Segment Start: Source records

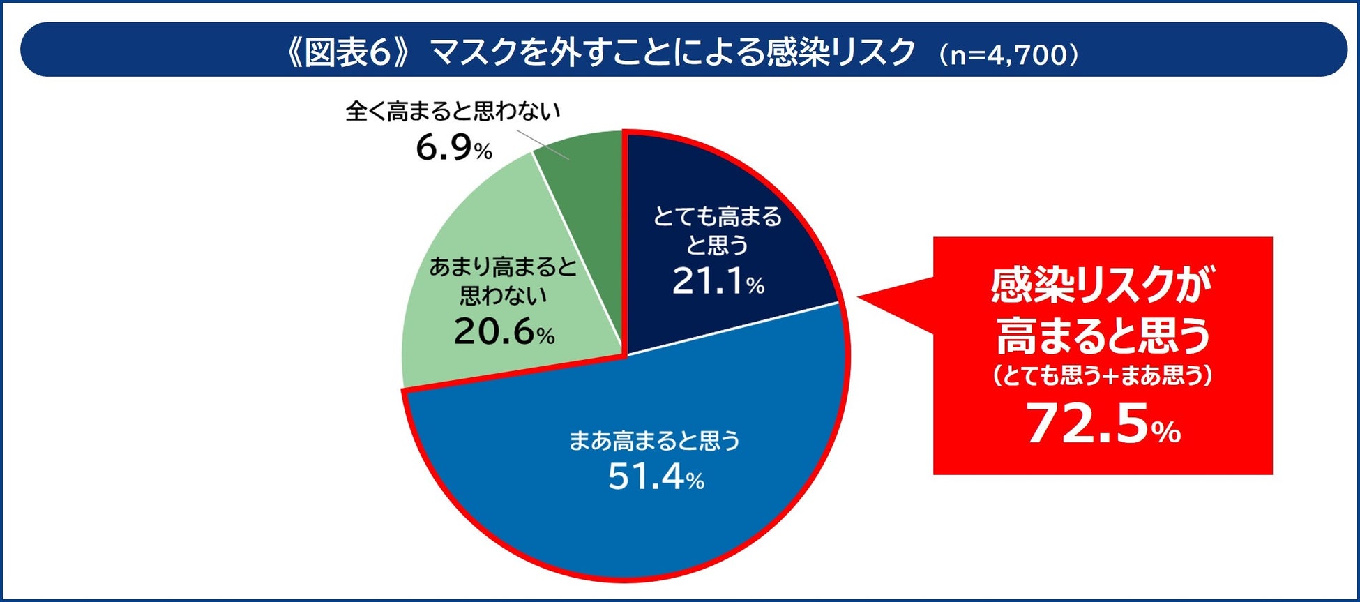 次にマスクを外すことによる感染リスクについて聞いたところ、7割以上(72.5%)が「高まると思う(とても思う+まあ思う)」と回答しました《図表6》。新型コロナの新規感染者数が落ち着きつつあるものの、依然として多くの人が不安を感じているものと考えられます。
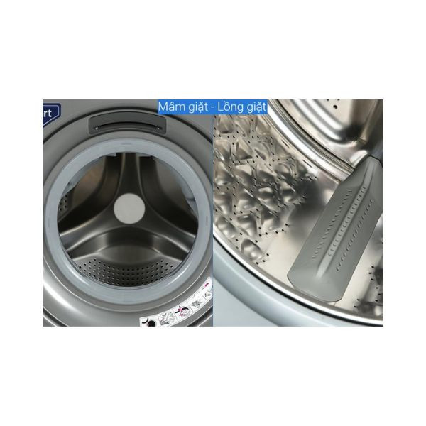 - Lồng giặt bằng thép không gỉ có độ sáng bóng cao, bền bỉ, cấu trúc lồng giặt đảm bảo hiệu quả giặt đồ tối ưu đồng thời giúp giảm các mảng bám, bụi bẩn, vi khuẩn tích tụ.
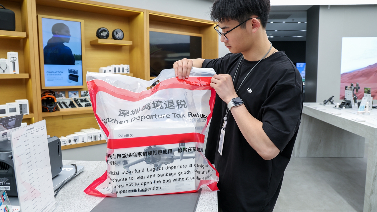 A staff member at the DJI store in The MixC shopping mall in Luohu District packs a shopper’s purchases into a standard tamper-evident pouch in April 2025.
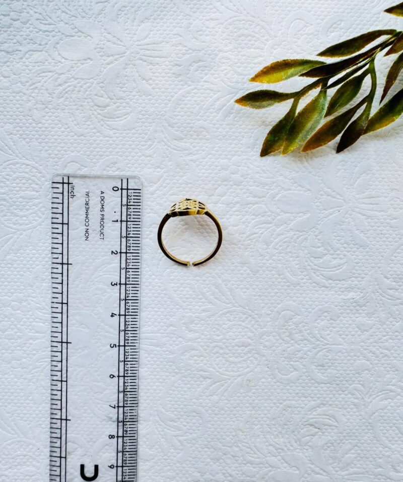 This jewelry piece is a gold-tone ring with a prominent circular focal point showcasing a sacred geometry design. The design is composed of several overlapping circles that create a symmetrical, flower-like pattern known as the Seed of Life. The ring’s face is crafted with an openwork style, allowing the light to pass through the gaps between the metal lines.
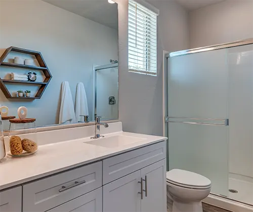 Unwind in sleek bathrooms featuring tub/shower combinations, ample storage, and polished finishes. These thoughtfully designed spaces offer both functionality and a relaxing retreat after a long day.

Segment End: Source records

> **Problem to work on**:
Restate the data word for word from its first line through the line with "A staff member", leaving out any picture along the way.

> **Written response**:
 次にマスクを外すことによる感染リスクについて聞いたところ、7割以上(72.5%)が「高まると思う(とても思う+まあ思う)」と回答しました《図表6》。新型コロナの新規感染者数が落ち着きつつあるものの、依然として多くの人が不安を感じているものと考えられます。
 - Lồng giặt bằng thép không gỉ có độ sáng bóng cao, bền bỉ, cấu trúc lồng giặt đảm bảo hiệu quả giặt đồ tối ưu đồng thời giúp giảm các mảng bám, bụi bẩn, vi khuẩn tích tụ.
 A staff member at the DJI store in The MixC shopping mall in Luohu District packs a shopper’s purchases into a standard tamper-evident pouch in April 2025.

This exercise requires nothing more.